3 Tage in Quiberon ist ein in Schwarz-Weiß[2] gedrehter Spielfilm von Emily Atef aus dem Jahr 2018. Der Film ist inspiriert von wahren Begebenheiten im Leben der Schauspielerin Romy Schneider (dargestellt von Marie Bäumer). Im Jahr 1981 verbringt Schneider in dem kleinen französischen Kurort Quiberon in der Bretagne drei Tage mit ihrer besten Freundin Hilde (Birgit Minichmayr), um sich zu erholen. Gleichzeitig arrangiert sie trotz ihrer negativen Erfahrungen mit der deutschen Presse ein Interview mit Michael Jürgs (Robert Gwisdek), Reporter der Zeitschrift Stern, und dem Fotografen Robert Lebeck (Charly Hübner). Das Interview und die dazugehörigen Fotoaufnahmen erstrecken sich über drei Tage und entwickeln sich zu einem Porträt Romy Schneiders im Spannungsverhältnis zwischen privater und öffentlicher Person.[2]

Die Premiere der deutsch-österreichisch-französischen Koproduktion fand im Rahmen der 68. Internationalen Filmfestspiele Berlin am 19. Februar 2018[2] statt, wo der Film in den Wettbewerb um den Goldenen Bären eingeladen worden war.[3][2] Der Kinostart erfolgte in Deutschland am 12. April 2018 und in Österreich am 13. April 2018.[4][5]

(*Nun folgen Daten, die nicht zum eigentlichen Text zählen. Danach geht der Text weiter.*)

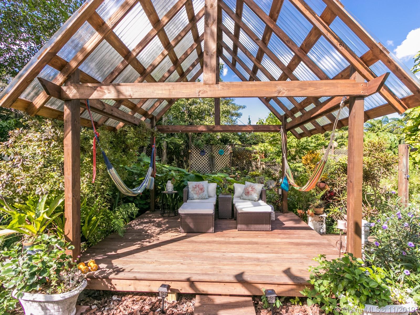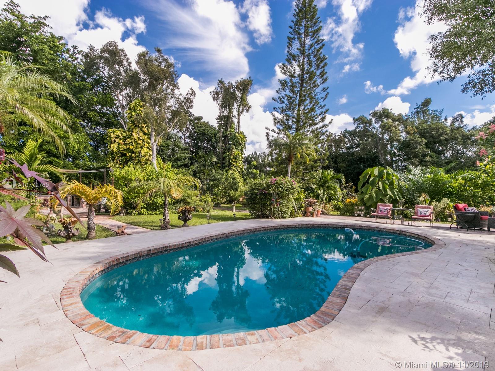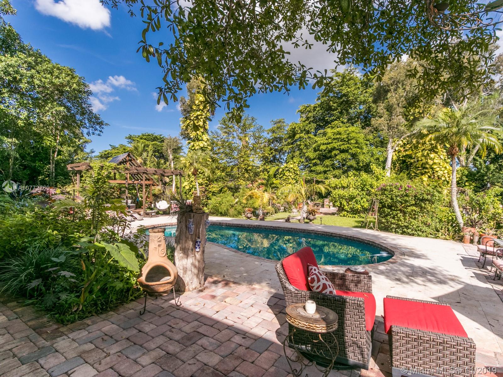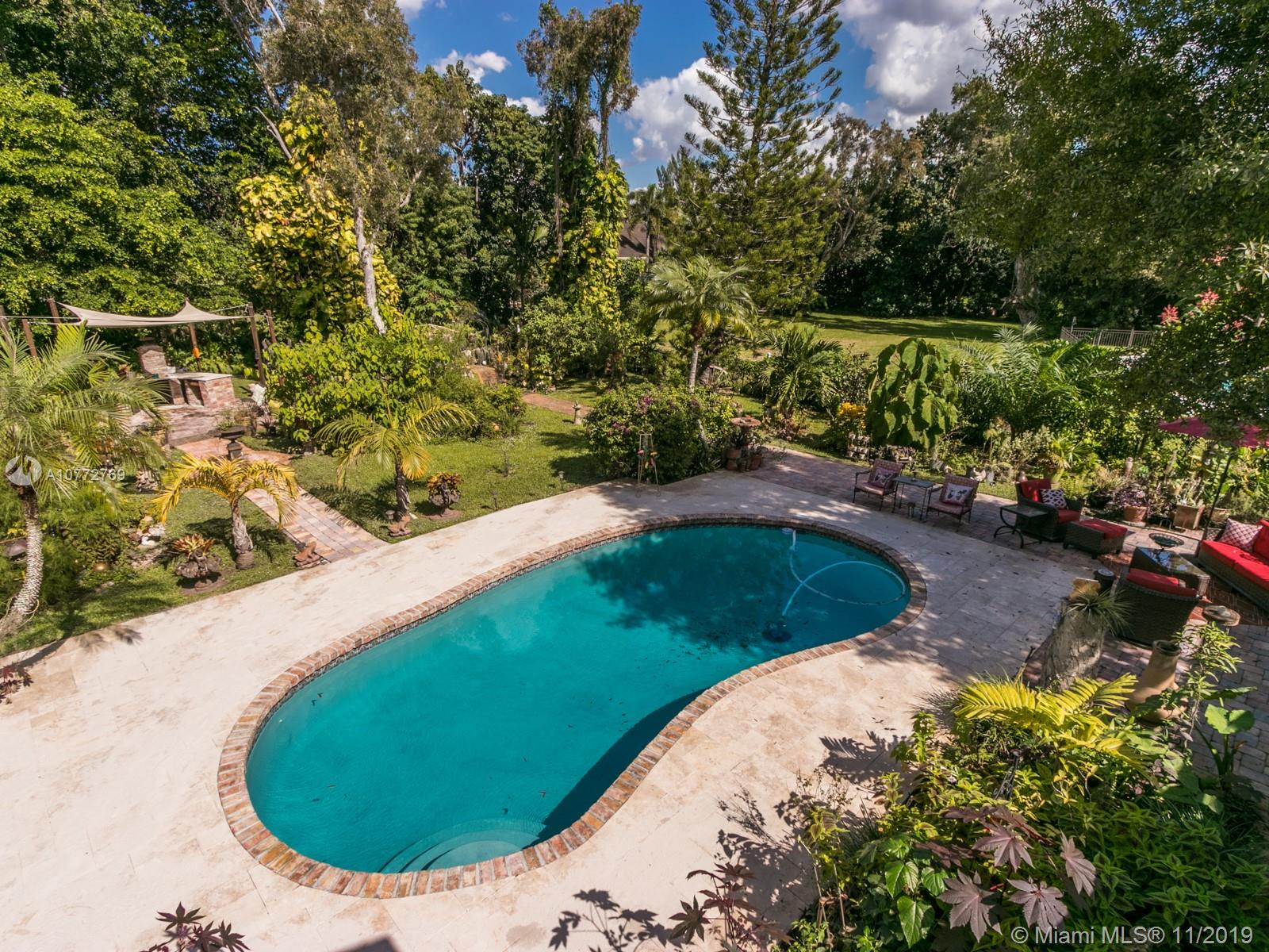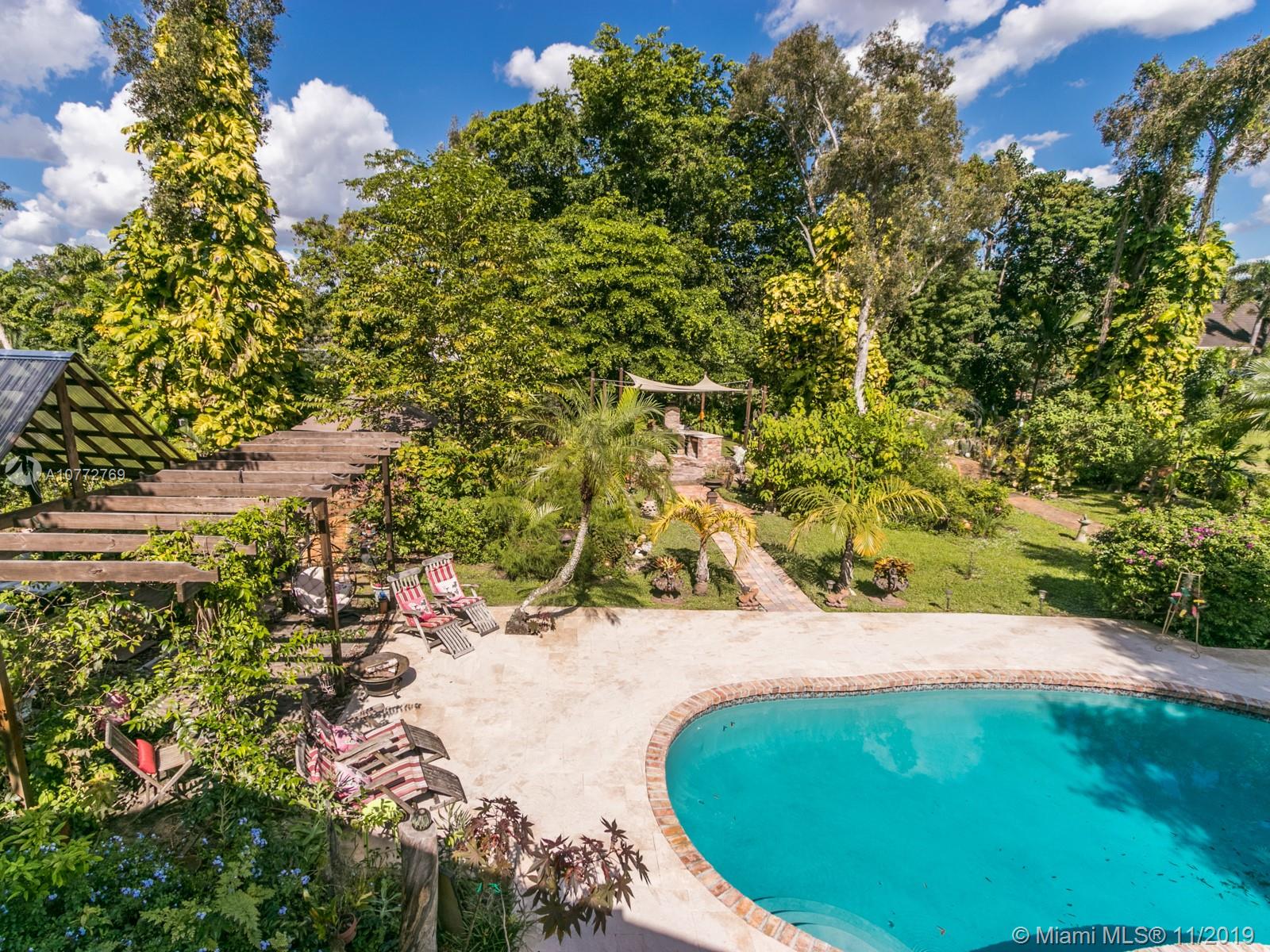 A magical property in every sense. Recently updated 4BR, 3BA pool home on an acre of land. Soaring ceilings with skylight windows and exposed beams in the living room and an exposed brick double fireplace shared with the family room. Wander the extensively landscaped paver paths to gazebos, pergolas, decks, water features and restful areas scattered through the lush property. Rear wall is lined with windows and glass sliding doors to let in maximum light and a view of the grounds. Modern white kitchen with gas range and stainless appliances. Master bedroom has a huge deck overlooking the pool and backyard areas. One bedroom and bath downstairs. Large laundry room and garage. Must be seen to be fully appreciated. Nestled among million-dollar estate homes in lovely Plantation Acres. No HOA.

Handlung[Bearbeiten | Quelltext bearbeiten]

Quiberon (Bretagne), im Jahr 1981: Die Schauspielerin Romy Schneider befindet sich zur Entgiftung in einem Kurhotel am Meer. Sie lässt ihre Jugendfreundin Hilde Fritsch nachkommen, die in Wien als Restauratorin arbeitet. Schneider vertraut ihr an, die „Diät“ für ihren 14-jährigen Sohn David zu machen, der lieber bei den Stiefeltern leben möchte. Sie leidet deshalb unter großen Verlustängsten. Die Freundinnen nehmen gemeinsam ein Bad in Schneiders Hotelzimmer. Als David anruft, lässt Schneider das Telefongespräch von Fritsch entgegennehmen. Auch soll sie Schneider bei einem Pressetermin unterstützen. Trotz ihrer negativen Erfahrungen mit der deutschen Presse hat sie einem Interview mit Michael Jürgs, Reporter der Zeitschrift Stern, und dem Fotografen Robert „Bob“ Lebeck zugestimmt. Schneider hat ein enges, freundschaftliches Verhältnis zu Lebeck, den sie zärtlich „Lebo“/„le beau“ (dt. „den Schönen“) nennt, während der Fotograf sie liebevoll als „la belle“ („die Schöne“) tituliert. Jürgs kennt sie dagegen noch nicht.

Das Interview, das in Schneiders Hotelzimmer beginnt, soll den Unterschied zwischen der Schauspielerin und der Privatperson aufzeigen. Es wird insgesamt drei Tage Zeit in Anspruch nehmen. Der manipulative Jürgs fragt in Fritschs Beisein u. a. nach Schneiders Verhältnis zur Mutter, ihrer Übersiedlung nach Frankreich und dem Selbstmord Harry Meyens, Lebeck schießt währenddessen die Bilder. Bei der Frage nach ihrem ersten Ehemann muss Schneider das Interview abbrechen. Am Abend trinken die vier gemeinsam in einem Restaurant am Hafen, das eigentlich wegen einer Hochzeitsgesellschaft geschlossen ist, entgegen dem Rat von Schneiders Kurarzt Champagner, Lebeck macht erneut Bilder. Schneider gibt Pläne über einen neuen Film, Die Spaziergängerin von Sans-Souci, bekannt. Sie amüsiert sich mit einem poetisch veranlagten Teilnehmer (Denis Lavant) der Hochzeitsgesellschaft, der sich zwischenzeitlich zu ihnen gesetzt hat. Jürgs weist Schneider darauf hin, dass sie durch das Interview doch die Chance hätte in der öffentlichen Wahrnehmung manche „Dinge zurechtzurücken“. Auf Fritschs Drängen, die den beiden Journalisten nicht vertraut, verlässt die stark alkoholisierte Schneider mit ihr das Restaurant. Sie möchte nicht allein auf ihr Hotelzimmer gehen und bittet Fritsch mitzukommen. Sie versucht David anzurufen, wird aber von Fritsch zurückgehalten. Schneider hat ihren Entzug nicht einmal vier Tage ausgehalten. Fritsch nimmt ihr das Versprechen ab, künftig weder Schlaftabletten noch Alkohol zu sich zu nehmen.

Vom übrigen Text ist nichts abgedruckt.